With the help of CBRE Capital Markets and its other top lenders and mortgage sellers, the GSE settled a record $28.8 billion in new multifamily volume last year, comprising 435,000 rental units and resulting in more than $21 billion in mortgage securitizations.
“These lenders are MVPs of multifamily finance, and we just won the Super Bowl by working well as a team” John Cannon, senior vice president of Freddie Mac Multifamily Production, Sales and Marketing, said in a news release. “Together, we had a record year in loan purchases, with new and repeat borrowers. The top six sellers nationwide accounted for 65 percent of our total settlement volume for 2012.”
In addition to CBRE Capital Markets, other tops sellers nationwide by volume included Berkadia Commercial Mortgage ($3.6 billion), Holliday Fenoglio Fowler ($2.4 billion), Wells Fargo Multifamily Capital ($2.4 billion), Walker & Dunlop ($2.3 billion) and NorthMarq Capital ($1.9 billion).

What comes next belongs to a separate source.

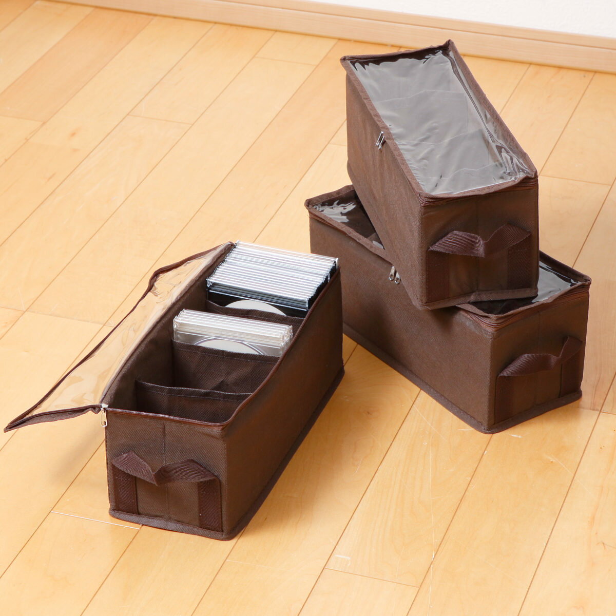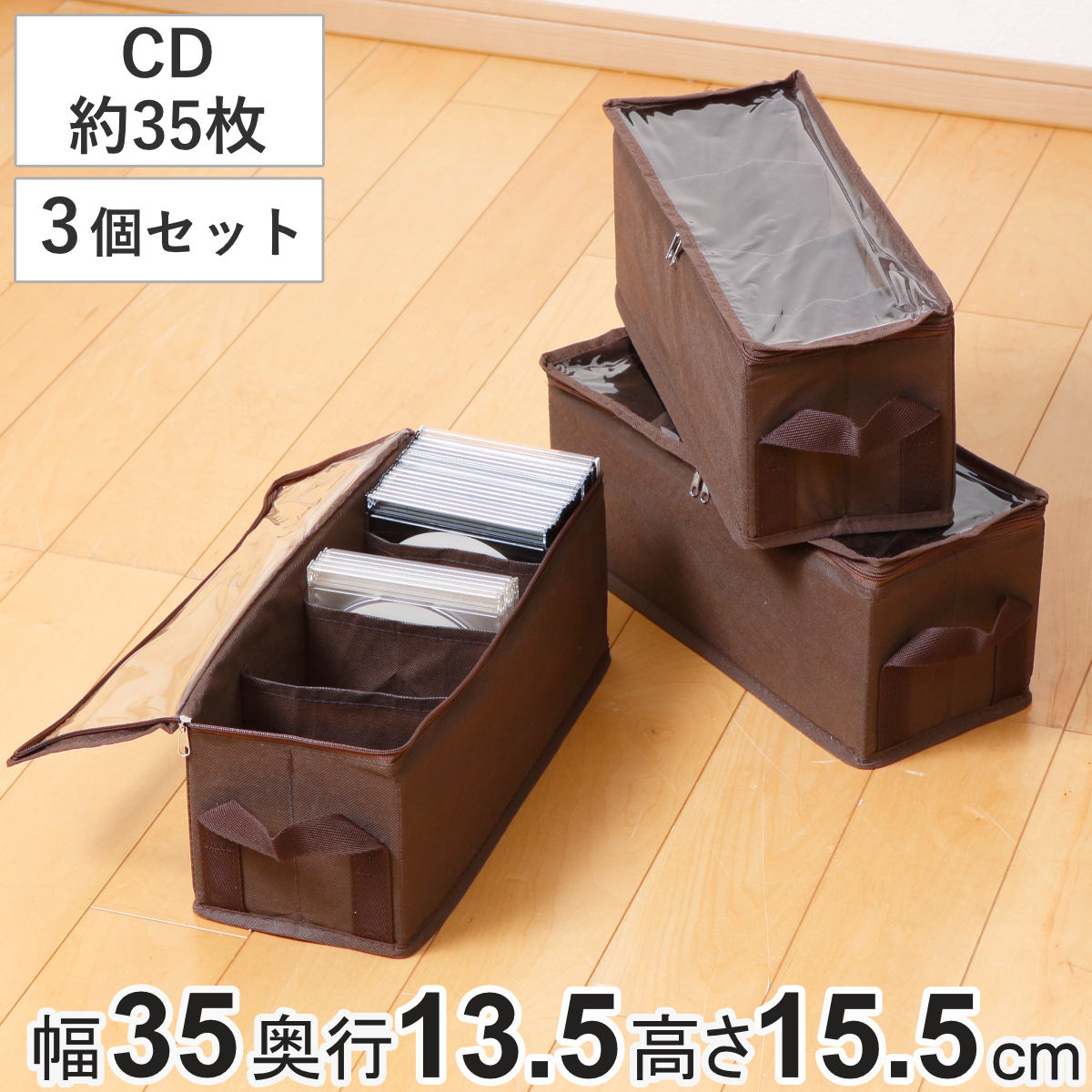 サイズ約 幅35×奥行13.5×高さ15.5(cm)重量約 270g内容量3個セット材質本体:不織布(ポリプロピレン)窓:ポリ塩化ビニル樹脂芯材:紙生産国ベトナム製耐荷重約 5kg注意事項※商品ページ内には別の商品を含む画像を使用しています備考1個あたりの収納量目安:CD 約35枚区分返品・キャンセル区分(小型商品)ギフトラッピングページを見る収納ボックス CDサイズ 幅35×奥行13.5×高さ15.5cm メディア収納 布製 3個セットおすすめポイント※商品ページ内には別の商品を含む画像を使用しています軽量で扱いやすい布製メディア収納ボックス 【CDサイズ】CDをケースごとすっきり収納できる、仕切り付きの不織布ボックスです。通気性の良い軽量素材を使用しており、扱いやすく普段使いにもぴったり。コンパクトなサイズ感で、ベッド下や棚上などのデッドスペース活用にもおすすめです。フタを開けずに中身を確認できる透明窓付きフタ部分には透明窓を採用。ボックスを開けなくても背表紙や中身がひと目で確認できます。複数並べても迷わず探せて、整理や分類がしやすいのも魅力。収納物を見つける手間を減らし、毎日の使いやすさを高めます。メディア収納だけでなく、衣類や小物整理にも便利メディア収納はもちろん、衣類の小分け収納にも活躍します。Tシャツや下着・肌着の整理、靴下・ベルト・ハンカチなどのファッション小物の仕分けにもおすすめ。フタ付きでホコリが入りにくく、透明窓は衣替えや季節の整理にも便利です。使わないときはコンパクトに折りたたんですき間に収納折りたたみ式だから、使わないときはコンパクトに。クローゼットや棚のすき間などにも省スペースで収まり、保管時も場所を取りません。シリーズで揃えて統一感のある収納空間にメディア収納ボックスは全6サイズ展開。収納物に合わせてぴったりのサイズを選べます。同じシリーズで揃えることで、オープンラックに並べても見た目が整い、すっきりとした統一感のある収納がつくれます。商品詳細【CDサイズ】収納量目安:CD 約35枚底板付きでしっかり丈夫、長く使える仕様厚紙の底板1枚が付属。底面ポケットに差し込むことでボックスが補強され、型崩れしにくく安定感がアップ。しっかり丈夫なつくりで、長く快適にお使いいただけます。倒れにくく整理しやすい仕切り付きメディアが倒れないよう、ボックス内には3枚の仕切りが付いています。スペースを分けて整理できるため、種類ごとの分類や整理整頓がよりスムーズに行えます。開閉しやすいダブルファスナー仕様開け閉めしやすいダブルファスナー設計。フタを大きく開けられるので、収納物の出し入れもスムーズです。取り出しや持ち運びに便利な持ち手付き両サイドには持ち手が付いています。棚からの取り出しや持ち運びの際にも手に取りやすく、使い勝手の良い仕様です。サイズ全てのサイズを見る布製メディア収納ボックス関連キーワード:持ち手付き メディア収納ケース ストッカー PS1 プレイステーション プレステ 衣類 衣類収納 子供服 下着 靴下 くつ下 ミニタオル タオルハンカチ ハンカチ コンパクト 折りたたみ 茶色 ブラウン 使いやすい 便利 おすすめ人気 ケース ボックス ダブルファスナー コレクション 整理 整頓 片付け 仕切り付き 約35枚 折り畳み 整理整頓 セット まとめて まとめ買い LH19892 関連商品はこちら収納ボックス CDサイズ 幅35×奥行13.5878円収納ボックス DVDサイズ 幅30×奥行20×2,190円収納ボックス 新書サイズ 幅35×奥行18.5878円収納ボックス メディア収納 布製 CD DVD788円?収納ボックス 新書サイズ 幅35×奥行18.52,190円収納ボックス DVDサイズ 幅30×奥行20×878円収納ボックス 文庫本サイズ 幅35×奥行16×2,190円収納ボックス 青年コミックサイズ 幅35×奥行2,190円収納ボックス 文庫本サイズ 幅35×奥行16×788円CD収納ケース いれと庫 CD用 18個セット15,800円CD収納ケース いれと庫 CD用 1,280円CD収納ケース いれと庫 CD用 ライト 1812,280円

The GSE reported that Beech Street Capital and HSBC Bank USA were the top firms for conventional structured transactions. Wells Fargo Multifamily Capital, Citibank and Oak Grove Commercial Mortgage were the top performers for targeted affordable housing transactions. Key Bank Real Estate Capital and Wells Fargo Multifamily Capital were the top performers for senior housing transactions.
Freddie Mac honored Beech Street Capital and Jones Lange LaSalle with the Partnership Award for outstanding collaboration, increased loan volume and commitment to working with Freddie Mac.